* _GIVEN DATA_
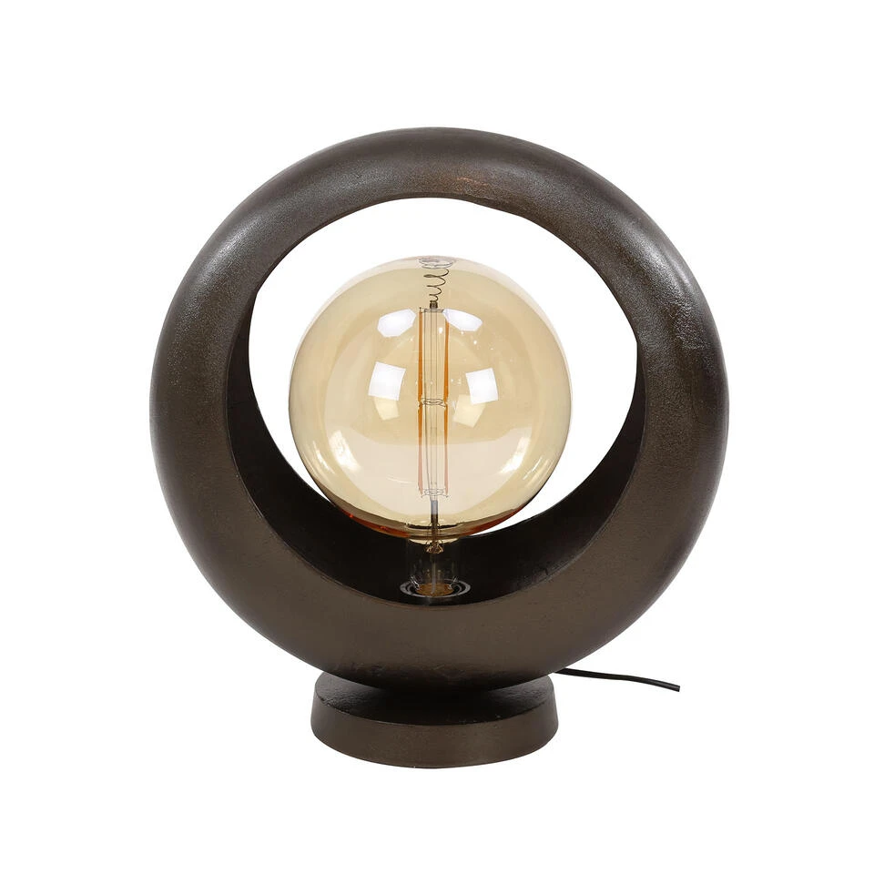 Industriële Tafellamp Mia Aluminium Rond Groot – 18x18x44 Cm – Aluminium – Zwart
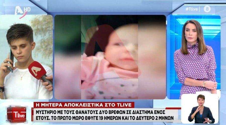 Η 23χρονη Ειρήνη μίλησε στο T-live και στον Ιάσονα Τσόλη, μόλις εννέα μέρες μετά τον θάνατο του δεύτερου παιδιού της… Όπως δήλωσε η μητέρα, το παιδί νοσηλευόταν στο Παίδων Αγία Σοφία, χωρίς οι γιατροί να γνωρίζουν την αίτια των σπασμών που παρουσίαζε. Σε κάθε επεισόδιο η μητέρα ήταν παρούσα φωνάζοντας τους γιατρούς.
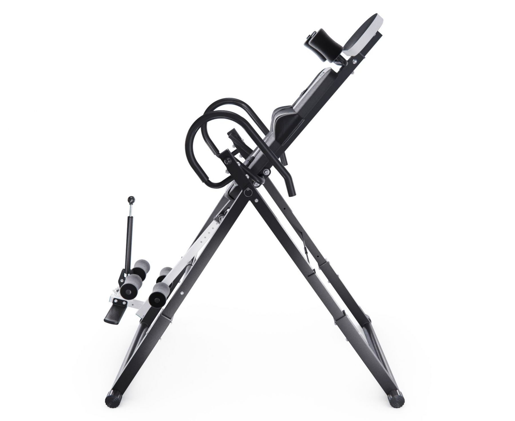 Инверсионный стол DFC IT6312A-B — это удобный и эффективный тренажёр для улучшения осанки, укрепления связок и улучшения кровообращения. Он имеет спинку чёрного цвета с валиками под голову и съёмную подушку под поясницу для дополнительного комфорта. Страховочный ремень входит в комплект, двойные валики для удобства использования.

* _EXERCISE DIRECTIONS_
Repeat the data above exactly, leaving out any pictures it holds.

* _RESPONSE AREA_
 Industriële Tafellamp Mia Aluminium Rond Groot – 18x18x44 Cm – Aluminium – Zwart
 Η 23χρονη Ειρήνη μίλησε στο T-live και στον Ιάσονα Τσόλη, μόλις εννέα μέρες μετά τον θάνατο του δεύτερου παιδιού της… Όπως δήλωσε η μητέρα, το παιδί νοσηλευόταν στο Παίδων Αγία Σοφία, χωρίς οι γιατροί να γνωρίζουν την αίτια των σπασμών που παρουσίαζε. Σε κάθε επεισόδιο η μητέρα ήταν παρούσα φωνάζοντας τους γιατρούς.
 Инверсионный стол DFC IT6312A-B — это удобный и эффективный тренажёр для улучшения осанки, укрепления связок и улучшения кровообращения. Он имеет спинку чёрного цвета с валиками под голову и съёмную подушку под поясницу для дополнительного комфорта. Страховочный ремень входит в комплект, двойные валики для удобства использования.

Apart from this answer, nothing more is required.